Monday's national polls show Obama gaining ground almost across the board: only Gallup and Rasmussen show Romney ahead and even that Gallup poll shows Obama closing in. In this sense, the nationals are coming into line with the state polls now.

Nate Silver at FiveThirtyEight now rates Obama's chances of winning at over 90% with a similar chance of him winning Ohio. He even rates Florida as being a very very small Democrat lean.

Either the polls are systematically wrong across the board or it's four more years for Barack Obama. Just the actual voting to go now...
 
How did you answer that?
Point out they've already paid for his education, roads, defence, etc etc. And that he is paying for their medical treatment as well. And that it is (as you say) shitloads cheaper to run a medical service that way, and that it will save 'the economy' loads as well, making the entire country (including them) richer.
 
Nates being treated like the antichrist by Republicans, for crunching numbers scientifically. Speaks volumes.
 
Re: Virginia, I seem to remember last time a lot of the rural, western counties reporting first there and obviously going for McCain by large margins. The north eastern part of the state, effectively the Washington DC suburbs, reported later and won the state for Obama.

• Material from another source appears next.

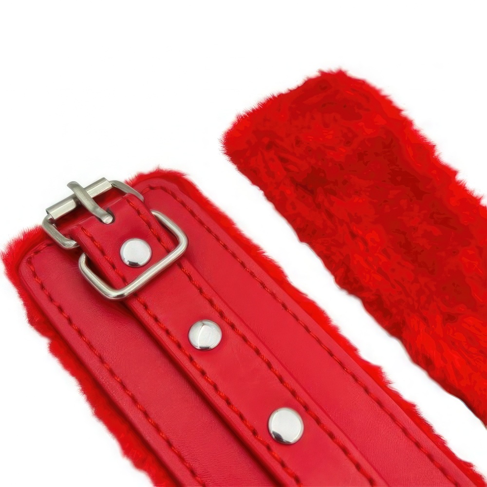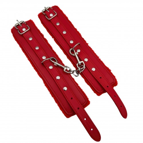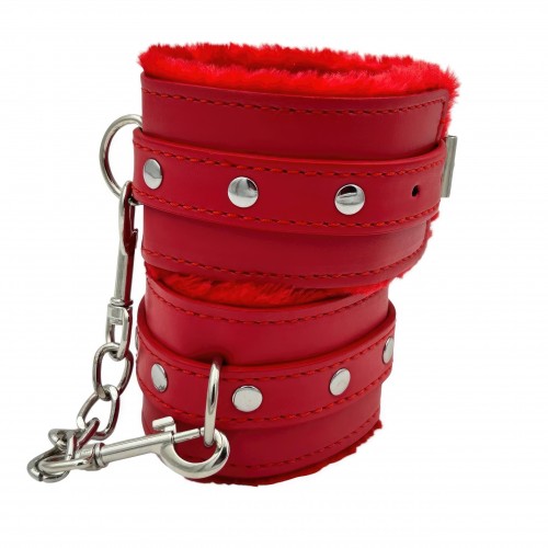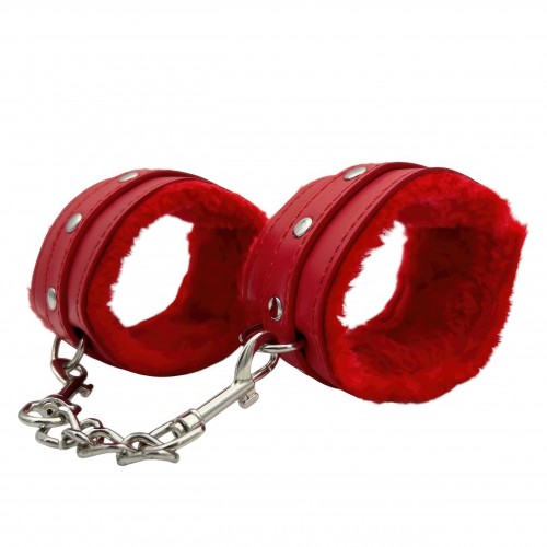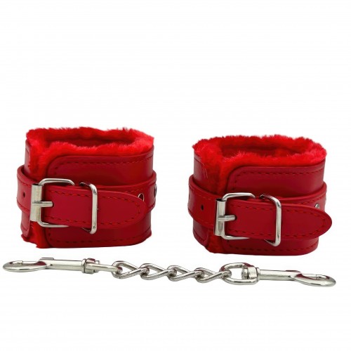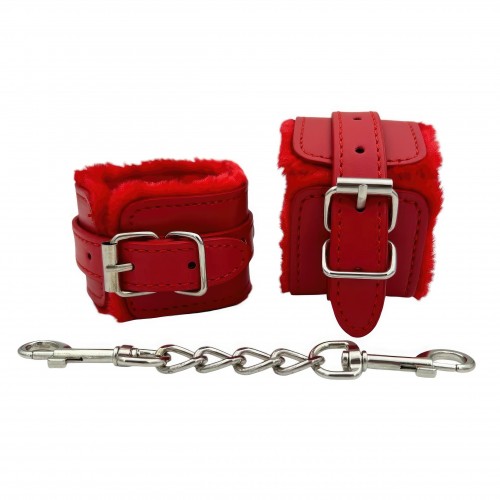 Металлическая фурнитура обеспечивает качественную фиксацию. Наручники соединяются между собой цепью с карабинами, благодаря чему обеспечивается достаточно жесткая сцепка.

If I'm right about this, what I'm saying is don't necessarily have the state down as a Romney win if early tallies show him well ahead there
 
Re: Virginia, I seem to remember last time a lot of the rural, western counties reporting first there and obviously going for McCain by large margins. The north eastern part of the state, effectively the Washington DC suburbs, reported later and won the state for Obama.

If I'm right about this, what I'm saying is don't necessarily have the state down as a Romney win if early tallies show him well ahead there
The polls will come on from across the state at the same time tho (about five past midnight). If they show Obama ahead, or it being too close to call, he's won it. If they call it for Romney, start worrying.